**Exercise inputs**
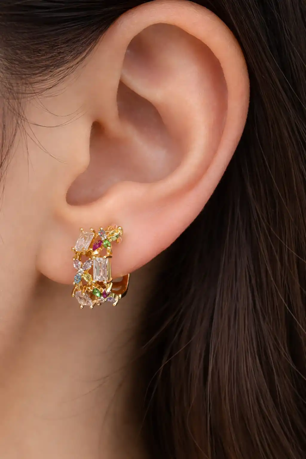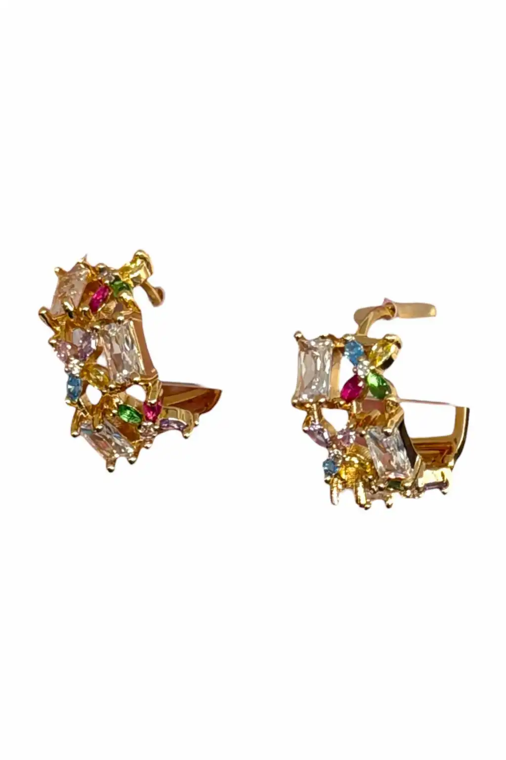 Altın Renk Taş Detaylı Çelik Küpe (Çift)
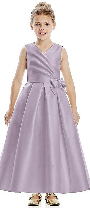 Faux Wrap Pleated Skirt Satin Twill Flower Girl Dress with Bow
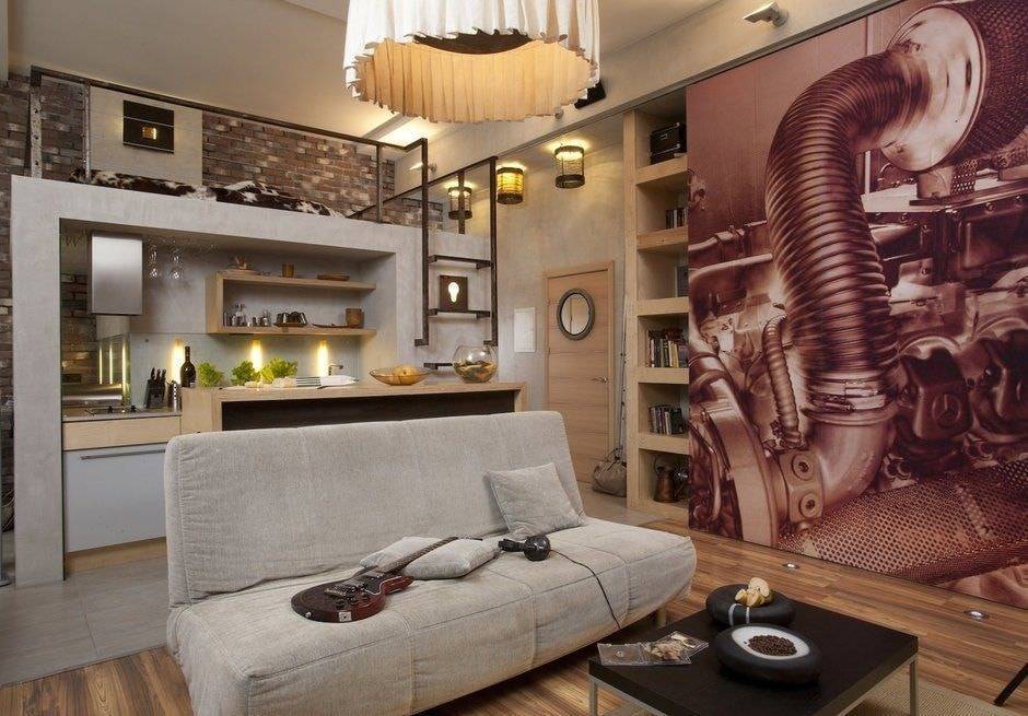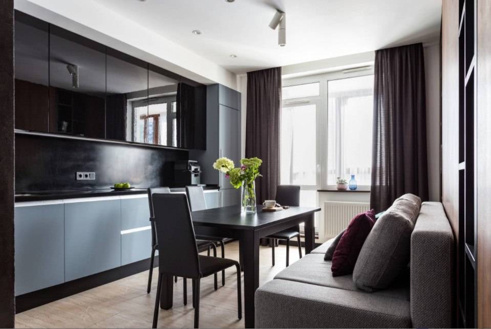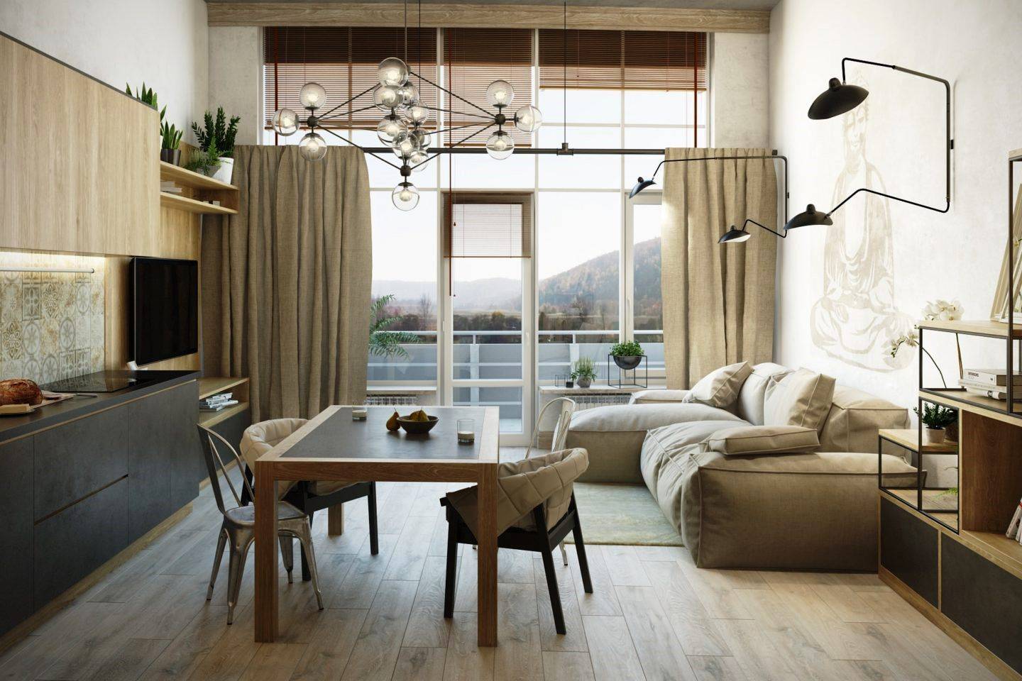 Гармоничная кухня-гостиная: студия 25 кв. м с визуальным разделением пространства
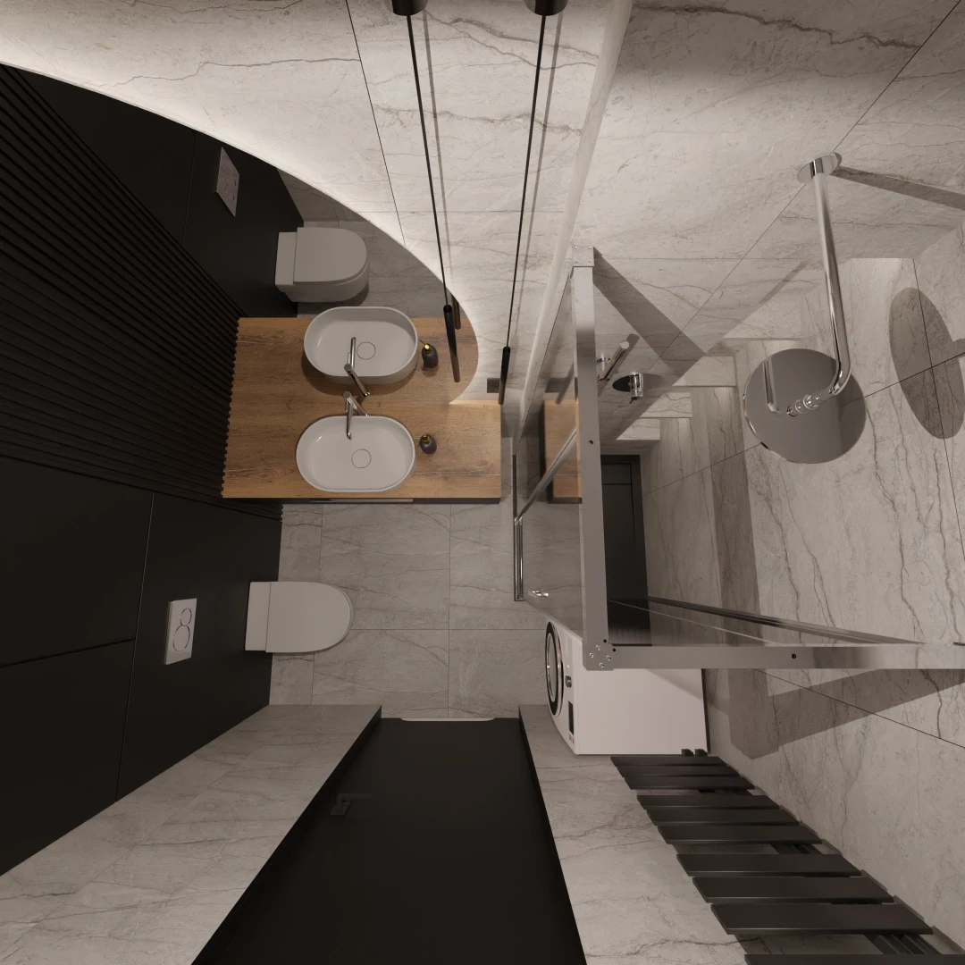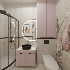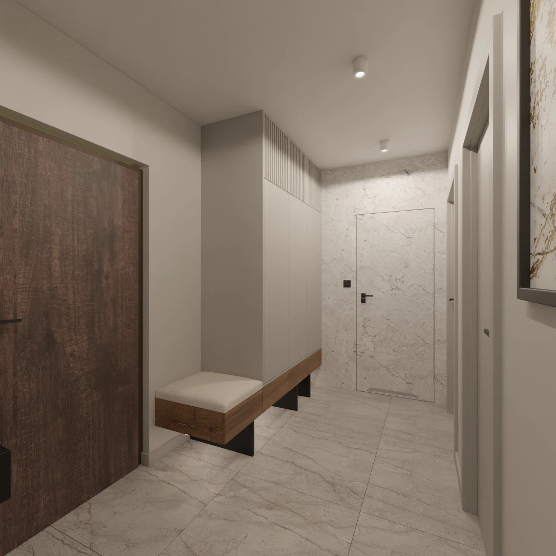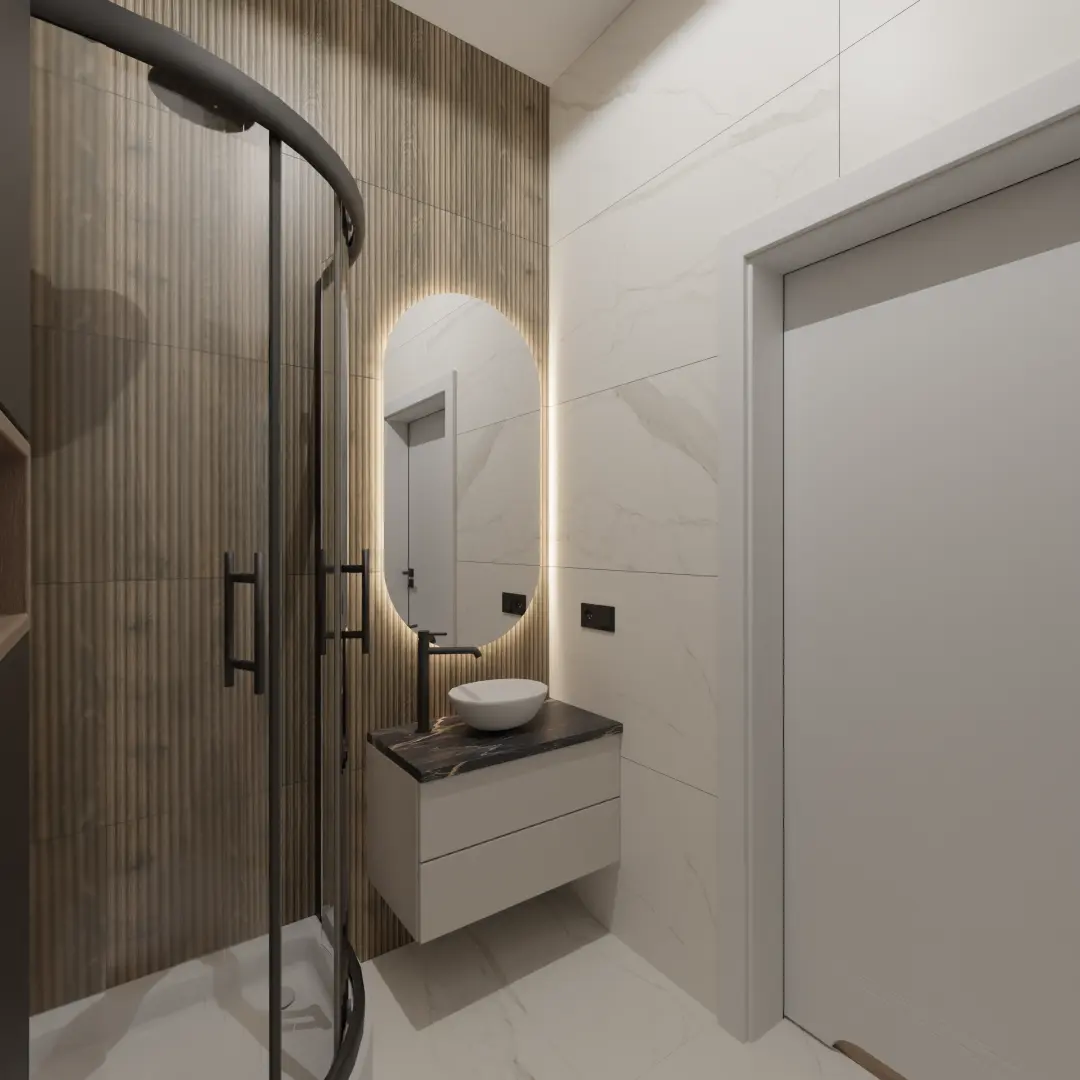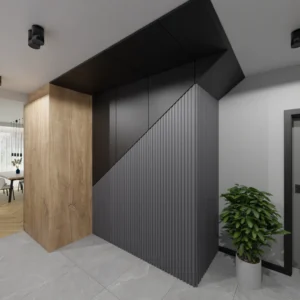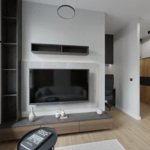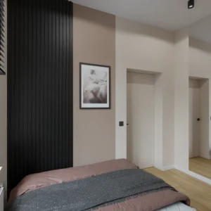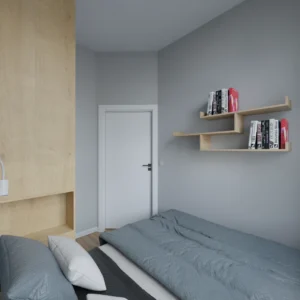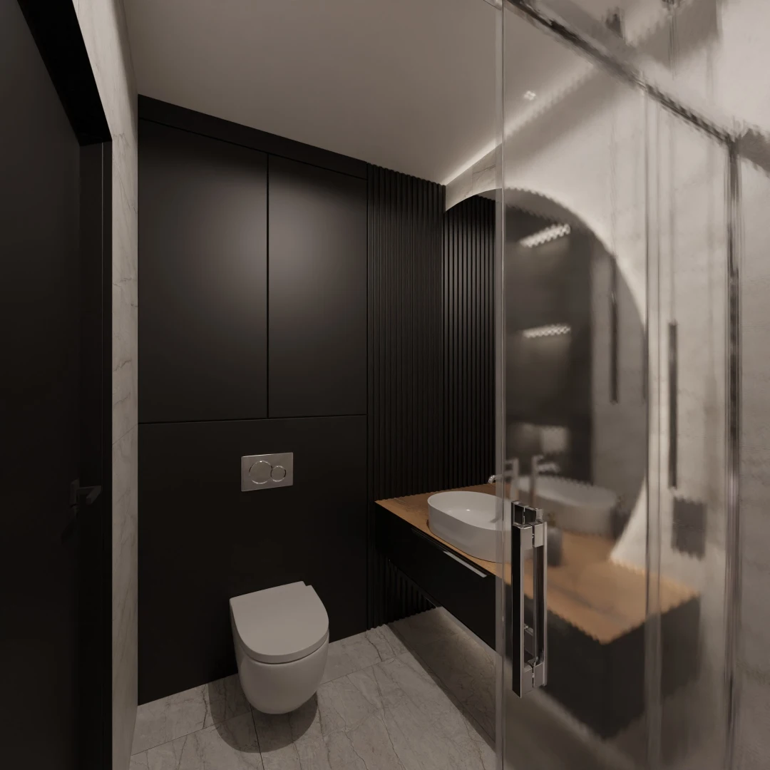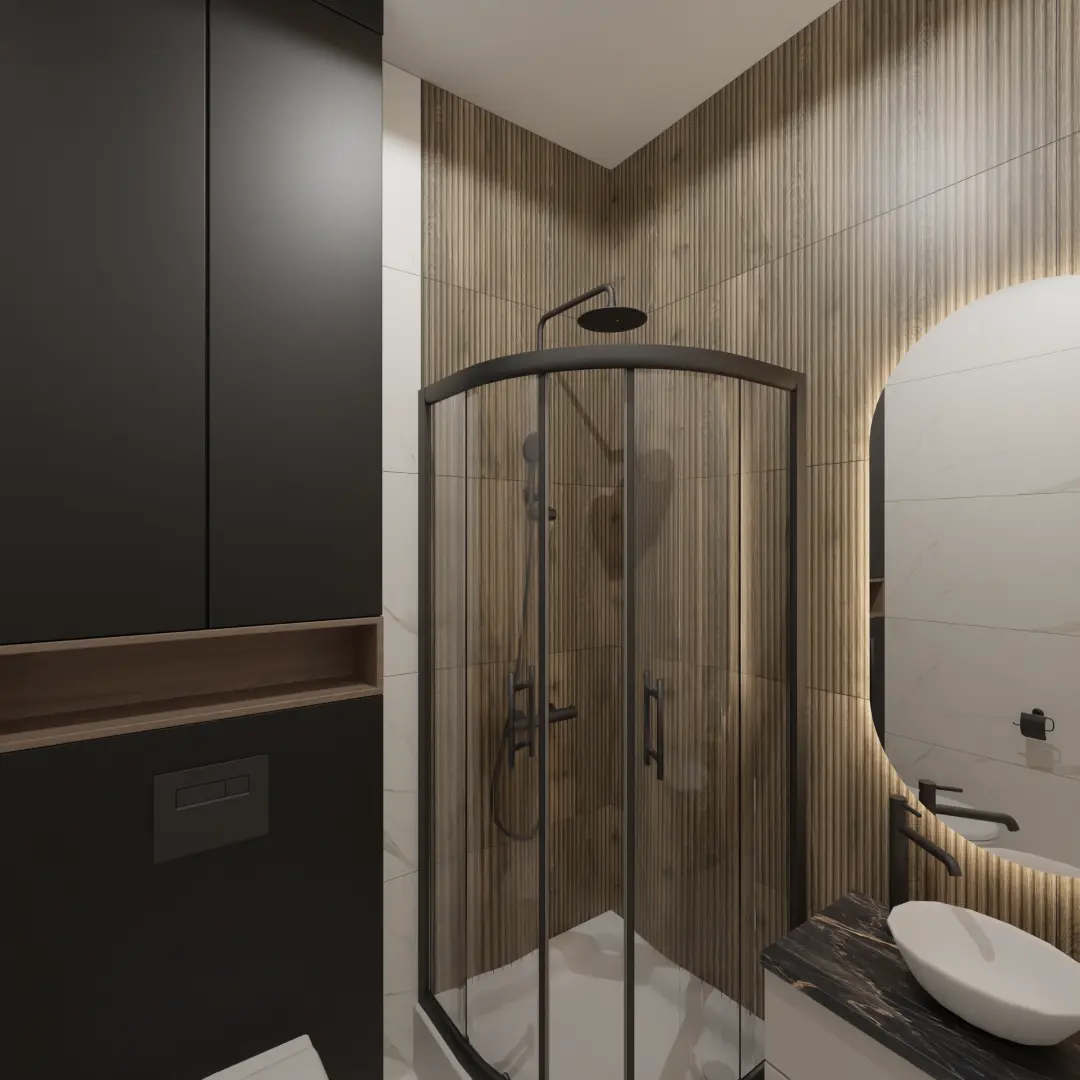 Projekt mieszkania 44m2 obejmował Zmiana układu funkcjonalnego + lifting łazienki z zachowaniem płytek w łazience i części wyposażenia
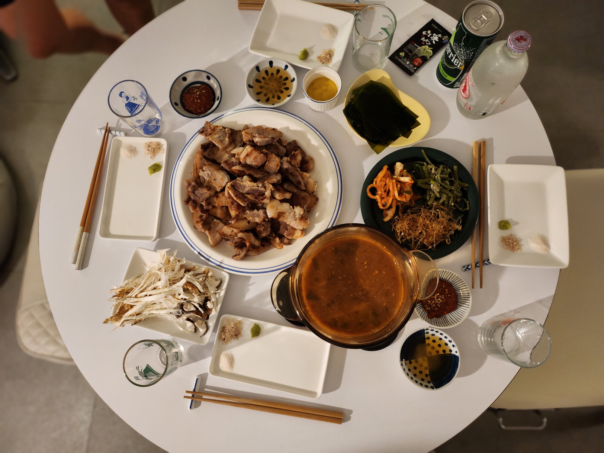 찌개와 말돈 소금까지 세팅해서
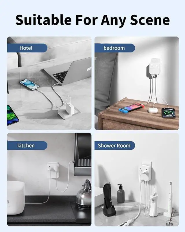 Multi USB Adapter Plug - VPSUN usb c charger block with outlet extender conveniently charges 6 devices at once and provides optimal charging speed up to 4A the maximum output of a single USB C port is 4A USB A port is 2.4A; the indicator light lets you know the USB wall plug power is on/off perfect for office home travel us4 Port Wall Charger Block - VPSUN can accommodate 4 USB/UsB C cable at the blocking this type C charging block is compatible with iphone/ and allowing users to charg mobile phones tablets cameras power banks the usb c power adapter will be effectively distributeg between the ports to ensure you get the best charging effect suitable for GFCl and standard outletsSmall and Portable - VPSUN multi usb plugs for wall outlet has no extension cord the size is 3.2 in lon and 2.9 in wide which is smaller than as a mobile phone the design is compact and lightweight can be put into luggage and backpacks no need to carry extra charger plugs perfect for travel and businessSafety Certification - our multi-device charger is ETL CE FCC PSE RoHS certified the type c chargerblock has built-in smart lC can provide over-current protection over-voltage protection over-heatprotection and short-circuit protection for all charging devices The USB C wall plug is made of ABS freproof material ensuring that your electronic devices are always safely chargedSuitable for any occasion - VPSUN USB C wall charging station accepts standard N American 2 or 3-pir flat plugs suitable for most household appliances such as America Canada Japan China Mexico Thailand Philippines etc.
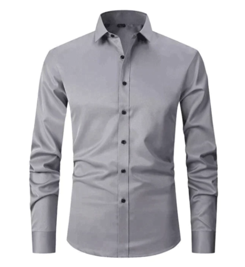 Męska koszula zapinana na guziki, z elastycznym elementem i nowoczesnym krojem, odpowiednia na różne okazje – od noszenia na co dzień po bardziej formalne wyjścia.

**Problem**
Without any pictures, output exactly the lines from the start of the material through the line that contains "찌개와 말돈 소금까지 세팅해서", and only those.

**Response**
 Altın Renk Taş Detaylı Çelik Küpe (Çift)
 Faux Wrap Pleated Skirt Satin Twill Flower Girl Dress with Bow
 Гармоничная кухня-гостиная: студия 25 кв. м с визуальным разделением пространства
 Projekt mieszkania 44m2 obejmował Zmiana układu funkcjonalnego + lifting łazienki z zachowaniem płytek w łazience i części wyposażenia
 찌개와 말돈 소금까지 세팅해서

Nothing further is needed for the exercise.